Both instruments thus establish that discrete acts are crimes of apartheid only if they are part of an institutionalized regime and have the “intention” or “purpose” of racial domination and oppression. The same acts, if not observably part of such a regime or lacking such a clear purpose, may be denounced as reprehensible instances of racism but do not meet the definition of a crime of apartheid. For that reason, a check-list method alone — such as looking for the “inhuman acts” mentioned in the Apartheid Convention — would be a misreading of the Convention’s intention. In article II, it explicitly establishes that such acts are illustrative, not mandatory, and are crimes of apartheid only if they serve the overarching purpose of racial domination. Hence, such acts can be considered crimes of apartheid only after the existence of an “institutionalized regime of systematic oppression and domination” has been conclusively established. 

The very existence of the Apartheid Convention indicates that apartheid is rightly distinguished from other forms of racial discrimination, already prohibited under instruments such as the International Convention on the Elimination of All Forms of Racial Discrimination, by its character as a regime. The Rome Statute expressly refers to apartheid as a regime. In political science, a State regime is the set of institutions through which the State is governed, principally regarding its arrangements for exercising power. In the oft-cited formulation by political scientist Robert Fishman: 

A regime may be thought of as the formal and informal organization of the center of political power, and of its relations with the broader society. A regime determines who has access to political power, and how those who are in power deal with those who are not… Regimes are more permanent forms of political organization than specific governments, but they are typically less permanent than the State.21 

On the basis of this definition, relevant evidence for an apartheid regime in Israel/Palestine must go beyond identifying discrete acts and determine whether the regime blocks access to “the centre of political power” on the basis of race. Moreover, the Apartheid Convention specifies that “organizations, institutions and individuals” may be culpable for the crime of apartheid (article I, para. 2). This, too, means that the State as a whole may be held accountable for committing that crime. 
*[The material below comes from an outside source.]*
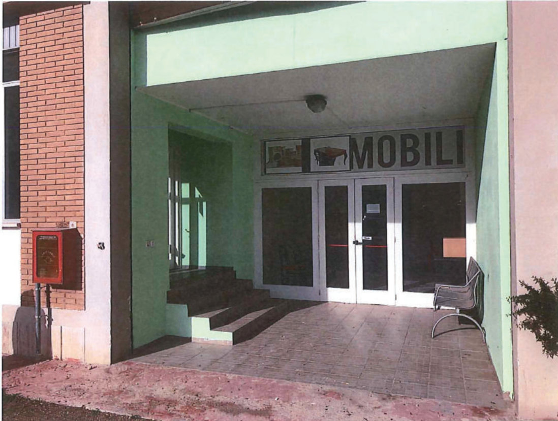
Foto n. 37 – Come foto n. 33. Ingresso zona uffici (lato sud-est).

Finally, identifying apartheid as a regime clarifies one controversy: that ending such a regime would constitute destruction of the State itself. This interpretation is understandable if the State is understood as being the same as its regime. Thus, some suggest that the aim of eliminating apartheid in Israel is tantamount to aiming to “destroy Israel”. However, a State does not cease to exist as a result of regime change. The elimination of the apartheid regime in South Africa in no way affected the country’s statehood. 

To determine whether specific acts constitute evidence of apartheid, this report examines whether they contribute to the overarching purpose of sustaining an institutionalized regime of racial oppression and domination. 

3. Apartheid as generated by 
anonymous structural conditions 
Some writers have begun to define apartheid as the racialized impact of anonymous socioeconomic forces, such as the capitalist mode of production. It may indeed be heuristically useful to use the term “economic apartheid” to describe situations where economic inequality feeds into racial formation and stratification, even in the absence of any deliberate State policy to achieve this result.22 (Scholars of race relations will identify this as the illimitable race-class debate.) In this model, “apartheid” is used to flag discrimination that emerges spontaneously from a variety of economic conditions and incentives. Some argue that the entire global economy is generating a kind of “global apartheid”.23 

The trouble with this hyper-structural approach is that it renders agency, particularly the role of a given State, unclear or implicitly eliminates it altogether. International law interprets apartheid as a crime for which individuals (or States) can be prosecuted, once their culpability is established by authoritative legal procedures. No such criminal culpability could pertain when treating apartheid as the product of the international structure itself, as this would not signify whether the State regime is configured deliberately for the purpose of racial domination and oppression — the distinguishing quality of apartheid according to the Apartheid Convention and Rome Statute. 

This report considers that the question of whether or not an apartheid system is in place should be analysed at the level of the State, and that the crime of apartheid is applicable only to that level. 

4. Apartheid as private social behavior 
The term apartheid is also used to describe racial discrimination where the main agent in imposing racial domination is the dominant racial group, whose members collectively generate the rules and norms that define race, enforce racial hierarchy and police racial boundaries. The primary enforcers of such systems are private, such as teachers, employers, real estate agents, loan officers and vigilante groups, but they also rely to varying degrees on administrative organs of the State, such as the police and a court system. It follows that maintaining these organs as compliant with the system becomes a core goal of private actors, because excluding dominated groups from meaningful voting rights that might alter that compliance is essential to maintaining the system. 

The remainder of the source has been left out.